Organisiert wird die Veranstaltung von „Top Hotels Groups“. Eine tschechische Hotelfirma, wo nur Hörende arbeiten. Warum eigentlich „Top Hotels Groups“? Vor elf Jahren beauftragte der tschechische Gehörlosenverband (SNN) die Agentur „Czech Model“, die erste Veranstaltung durchzuführen, da der SNN sich für so ein Event in diesem Ausmass einfach überfordert fühlte. Seitdem übernimmt „Top Hotels Groups“ bei jeder „Miss Deaf World“-Veranstaltung die komplette Organisation. Die vielen Sponsoren haben die aufwendige Durchführung möglich gemacht – die Kosten für die diesjährige „Miss Deaf World“ beliefen sich angeblich auf ca. über 100.000 Euro. Allerdings werden die Leute beim SNN langsam unruhig – man habe das Gefühl, dass SNN ins Abseits gedrängt werde. Bei einer Versammlung stellte eine Vertreterin aus Frankreich die Frage an den SNN, warum die Miss-Wahl seit über 10 Jahren immer in Prag veranstaltet werde. Die Antwort kam prompt: Erstens haben die anderen Länder eh kein Geld, um die Wahl zu organisieren und zweitens bestehe ein Vertrag mit „Top Hotels Groups“. Allgemeine Zustimmung („Ja, die Kassen sind knapp!“), dann wurde mit Mineralwasser auf weiterhin gute Zusammenarbeit geprostet.

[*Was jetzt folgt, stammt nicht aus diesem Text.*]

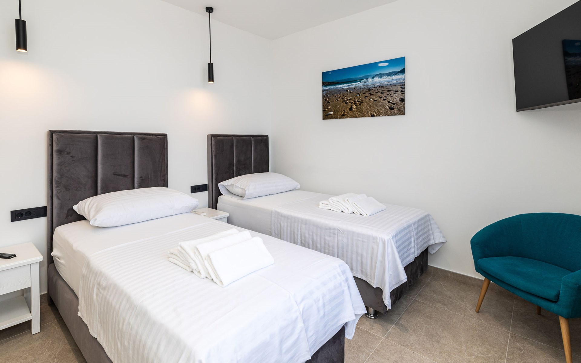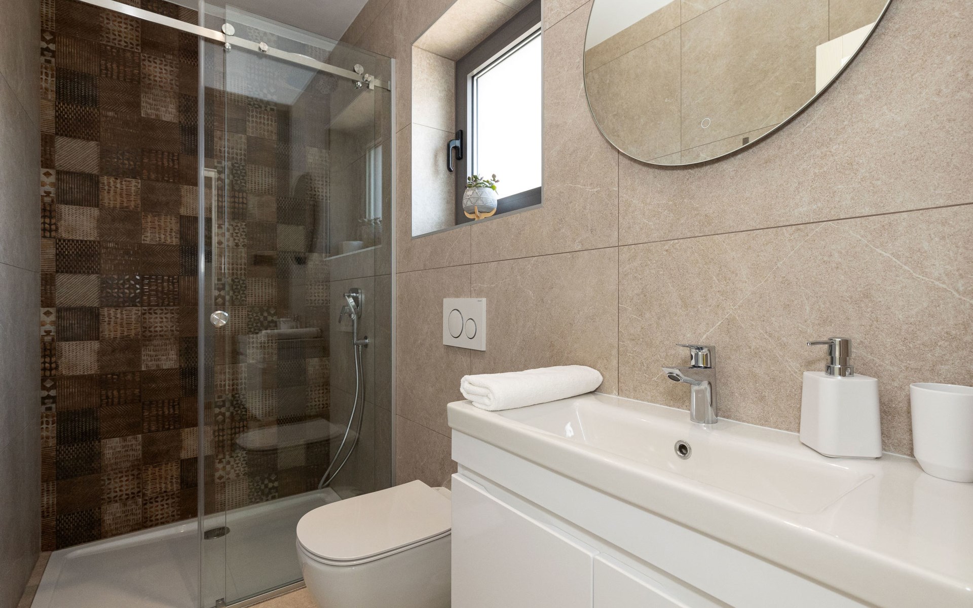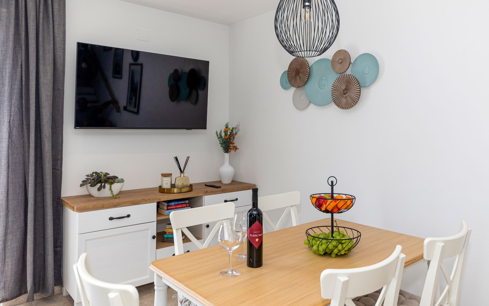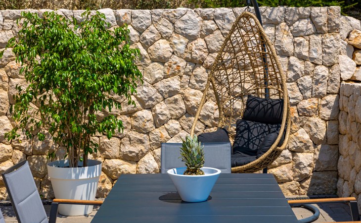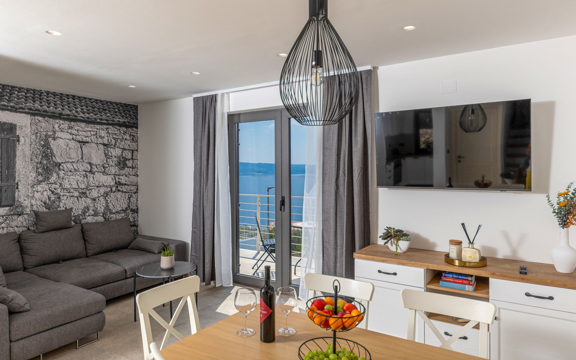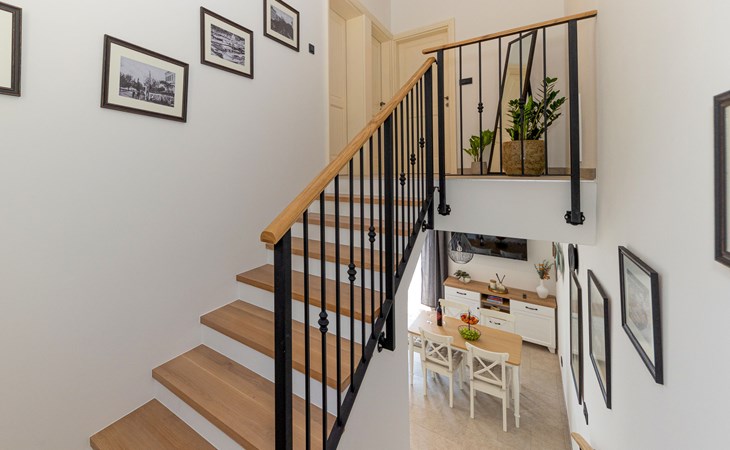Dramalj 4 km from Crikvenica: Modern, comfortable semi-detached house "Marika", 2 storeys. 650 m from the centre of Dramalj, in a quiet, sunny position, 500 m from the sea, 500 m from the beach. Private: property 200 m2 (fenced), swimming pool angular (24 m2, depth 140 cm, seasonal availability: 01.May. - 31.Oct.) with internal staircase. Outdoor shower, pool maintenance by the owner/gardener. In the house: internet access, washing machine. Parking (for 3 cars) at the house on the premises. Shop 650 m, supermarket 2.2 km, restaurant 600 m, bus stop 1.3 km, pebble beach, concrete beach 500 m. The owner does not accept any youth groups.

Bereits am ersten Tag wurde es ernst. Kein Hallo vom Organisator, keine Vorstellung der Teilnehmer und keine Erholungspause von der Reise. Die Veranstalter drückten allen Teilnehmerinnen ein knallpinkes T-Shirt mit der Aufschrift „Miss Deaf World“ in die Hand mit dem Befehl, dieses nie und niemals abzulegen. Die T-Shirts waren im XXXL-Format und alles andere als sexy – die Mädels sahen darin wie Kanarienvögel aus. Gut, dass wenigstens nicht von Anfang an eine knallrote Mütze über dem Kopf gestülpt wurde, sondern erst vor dem grossem Finale. Cluburlaub lässt grüssen!
Sofort nach der Ankunft wurde im Konferenzraum mit dem Training begonnen. Der richtige Gang und die korrekte Haltung mussten einstudiert werden. Ständig gingen die Mädchen kreuz und quer sowie rauf und runter durch den Raum. Dazwischen Rufe von Josef Uhlir, Chef der Modelagentur. Josef spricht übrigens kein Englisch und kann auch nicht gebärden. Deshalb waren seine Tochter und auch andere Dolmetscherinnen im Raum, die allerdings nur tschechisch bzw. international gebärden konnten. Chaos war vorprogrammiert…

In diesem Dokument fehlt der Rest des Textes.